Word for word, retype the entire listing.
== Recorded information ==
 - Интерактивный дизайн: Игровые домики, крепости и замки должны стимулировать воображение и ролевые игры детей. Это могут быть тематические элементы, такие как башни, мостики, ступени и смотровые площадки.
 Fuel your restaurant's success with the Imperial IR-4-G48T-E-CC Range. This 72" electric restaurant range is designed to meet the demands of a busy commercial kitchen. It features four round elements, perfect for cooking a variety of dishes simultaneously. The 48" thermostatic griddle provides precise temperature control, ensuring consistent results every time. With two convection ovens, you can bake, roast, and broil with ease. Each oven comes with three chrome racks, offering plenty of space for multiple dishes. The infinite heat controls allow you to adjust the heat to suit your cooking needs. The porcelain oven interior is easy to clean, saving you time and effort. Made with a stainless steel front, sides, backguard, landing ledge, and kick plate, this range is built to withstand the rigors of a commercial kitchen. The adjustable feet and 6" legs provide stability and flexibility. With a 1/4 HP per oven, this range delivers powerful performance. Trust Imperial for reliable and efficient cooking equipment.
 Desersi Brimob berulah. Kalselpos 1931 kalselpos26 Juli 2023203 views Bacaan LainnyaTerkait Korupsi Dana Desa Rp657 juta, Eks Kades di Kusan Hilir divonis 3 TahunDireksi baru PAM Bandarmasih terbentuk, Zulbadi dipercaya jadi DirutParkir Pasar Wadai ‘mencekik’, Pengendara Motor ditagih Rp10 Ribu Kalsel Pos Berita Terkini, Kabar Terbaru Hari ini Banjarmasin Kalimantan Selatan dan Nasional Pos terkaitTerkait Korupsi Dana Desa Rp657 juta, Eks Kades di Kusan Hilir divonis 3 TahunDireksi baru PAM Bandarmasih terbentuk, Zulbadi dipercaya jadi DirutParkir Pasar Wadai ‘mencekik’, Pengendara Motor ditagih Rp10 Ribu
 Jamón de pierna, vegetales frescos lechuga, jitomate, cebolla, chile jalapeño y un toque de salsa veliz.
===
** Result of this exercise **
 - Интерактивный дизайн: Игровые домики, крепости и замки должны стимулировать воображение и ролевые игры детей. Это могут быть тематические элементы, такие как башни, мостики, ступени и смотровые площадки.
 Fuel your restaurant's success with the Imperial IR-4-G48T-E-CC Range. This 72" electric restaurant range is designed to meet the demands of a busy commercial kitchen. It features four round elements, perfect for cooking a variety of dishes simultaneously. The 48" thermostatic griddle provides precise temperature control, ensuring consistent results every time. With two convection ovens, you can bake, roast, and broil with ease. Each oven comes with three chrome racks, offering plenty of space for multiple dishes. The infinite heat controls allow you to adjust the heat to suit your cooking needs. The porcelain oven interior is easy to clean, saving you time and effort. Made with a stainless steel front, sides, backguard, landing ledge, and kick plate, this range is built to withstand the rigors of a commercial kitchen. The adjustable feet and 6" legs provide stability and flexibility. With a 1/4 HP per oven, this range delivers powerful performance. Trust Imperial for reliable and efficient cooking equipment.
 Desersi Brimob berulah. Kalselpos 1931 kalselpos26 Juli 2023203 views Bacaan LainnyaTerkait Korupsi Dana Desa Rp657 juta, Eks Kades di Kusan Hilir divonis 3 TahunDireksi baru PAM Bandarmasih terbentuk, Zulbadi dipercaya jadi DirutParkir Pasar Wadai ‘mencekik’, Pengendara Motor ditagih Rp10 Ribu Kalsel Pos Berita Terkini, Kabar Terbaru Hari ini Banjarmasin Kalimantan Selatan dan Nasional Pos terkaitTerkait Korupsi Dana Desa Rp657 juta, Eks Kades di Kusan Hilir divonis 3 TahunDireksi baru PAM Bandarmasih terbentuk, Zulbadi dipercaya jadi DirutParkir Pasar Wadai ‘mencekik’, Pengendara Motor ditagih Rp10 Ribu
 Jamón de pierna, vegetales frescos lechuga, jitomate, cebolla, chile jalapeño y un toque de salsa veliz.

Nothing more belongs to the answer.